4 Letters
Plus Christmas message, Caption Competition, Quips & Quotes, Life in NZ
’ Tis the season of Christmas traditions. There’s the veneration of St Nicholas, dressed in red robes, whipping children who’ve misbehaved. No, wait, we don’t celebrate that. The beloved old saint, who could be very “cruel in correctyng”, according to William Caxton’s 1483 account, is more happily remembered for rewarding the good as a wealthy benefactor and gift-giver. There’s also the tradition of the Christmas riots. Again, best not repeated too enthusiastically or too often, these were in protest against the ban Oliver Cromwell sought to impose on Christmas.
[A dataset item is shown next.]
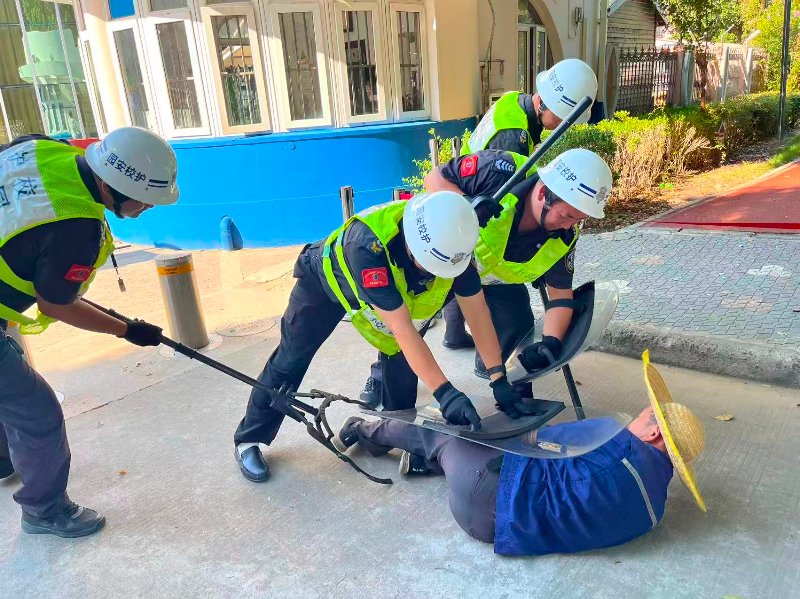 演练模拟“暴恐分子企图闯入校园”场景,一名志愿者扮演“歹徒”持凶器强行闯园,安保人员反应迅速,第一时间拿起防暴器械冲向“歹徒”阻拦。在紧密配合下,“歹徒”很快被压制,并被带离幼儿活动范围。与此同时,一名安保人员迅速按下一键报警系统,拨打报警电话。各工作组响应及时、处置专业,展现出良好的战术素养和协作能力。

In the 1580s, Protestants hated the excesses of the feast day. As pamphleteer – read blogger – Philip Stubbs complained: “What masking and mumming, what dicing and carding, what eating and drinking, what banqueting and feasting is then used to the great dishonour of God and impoverishing of the realm.” By 1645, ministers found preaching on Christmas Day were locked up. The festival’s beneficial and charitable aspects, however, were emphasised in The Vindication of Christmas in 1652, which stressed the feast should “call home exiles, help the fatherless and cherish the widow”. Charles II, mindful of public sentiment – and the riots – brought back Christmas.
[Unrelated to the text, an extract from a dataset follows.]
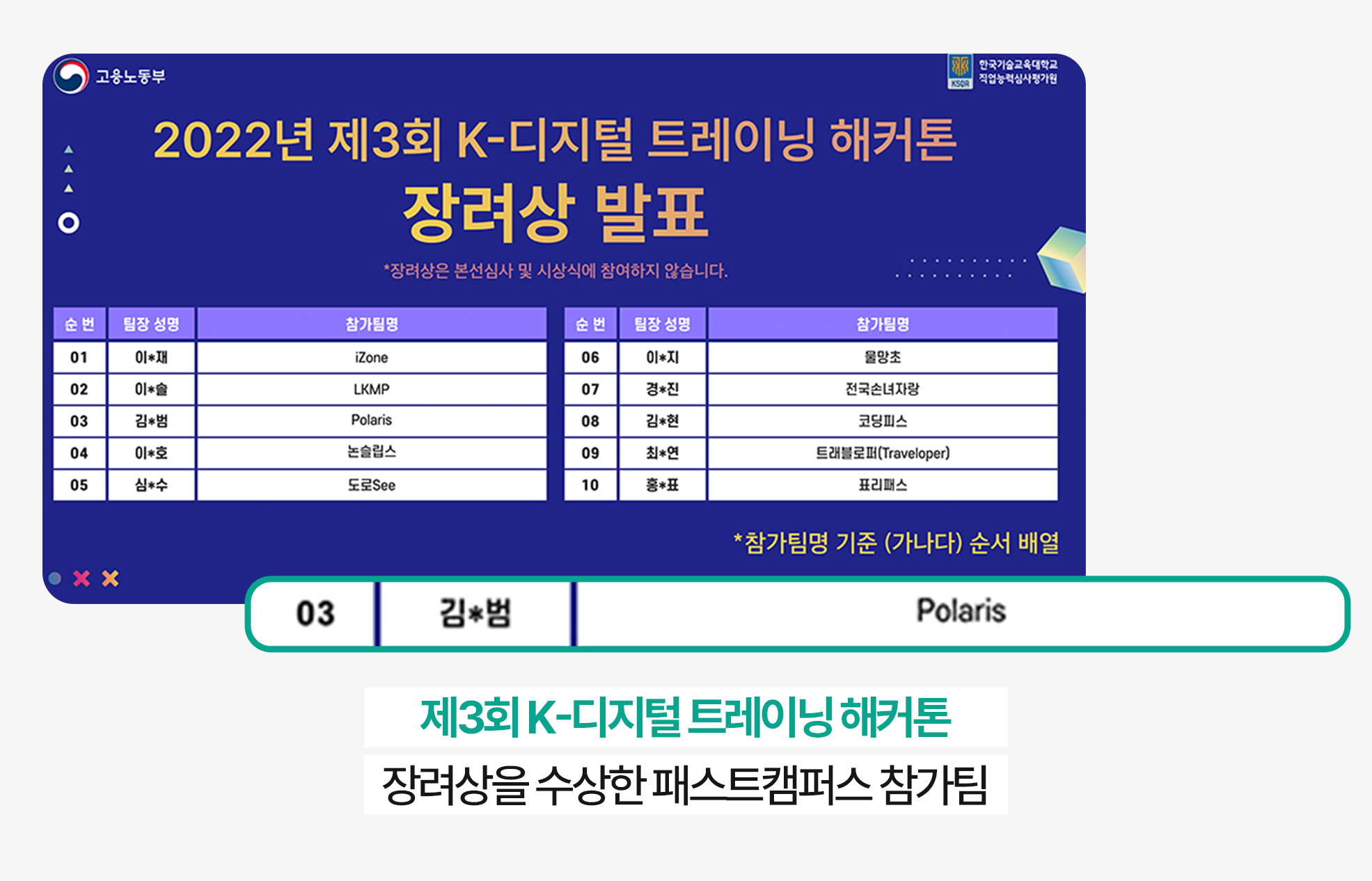 여기, ‘꺾이지 않는 마음’으로 원하는 결과를 이루어낸 팀이 있습니다. 바로 패스트캠퍼스 AI 부트캠프 수강생팀입니다. 3기 수강생 5명(김재범, 신승혁, 이용진, 정성우, 허진성) 으로 이루어진 ‘Polaris’팀은 지난해 열린 제3회 K-디지털 트레이닝 해커톤 대회에서 장려상을 수상했습니다. 이 대회는 전국에서 150개 팀이 참가할 만큼 경쟁률이 높은데요. 전원 비전공자로 이루어진 패스트캠퍼스 수강생팀이, 어떻게 짧은 시간 내에 좋은 결과를 낼 수 있었을까요?

And let’s not forget another founding Christmas tradition, from 300 years after Christ’s death, when the Emperor Constantine first introduced the celebration of his birth into the feast of Saturnalia. This was the practice of turning the traditional Roman order upside down. Peasants became masters and plebs became bosses. There’s not, alas, a great deal of evidence of that particular tradition here this year. Or ever, come to think of it.
But if there’s one Christmas tradition we do get right in New Zealand, it’s in celebrating Christ’s birth in summer. If the Bible is anything to go by, the clues in scriptures all point to a summer nativity: shepherds watching their flocks by night; the Bethlehem census. Midwinter in Judea would mean snow and gales would have made those events unlikely in the colder months.
So forget the still-rampant images of red-cheeked carol singers standing in the snow watched by robins on bare branches. Our own radiant images of pōhutukawa blooming on sandy beaches beneath blue skies are much more seasonally apt. Yet the age-old Christmas traditions still count. The best are those that capture the wonder and pure joy of children, the happiness and merriment of celebrating the festive season with family or friends and the heartfelt impulse towards peace on Earth and goodwill to all. It is indeed true that small acts, multiplied by millions, have the power to change the world. This is the season of love and hope.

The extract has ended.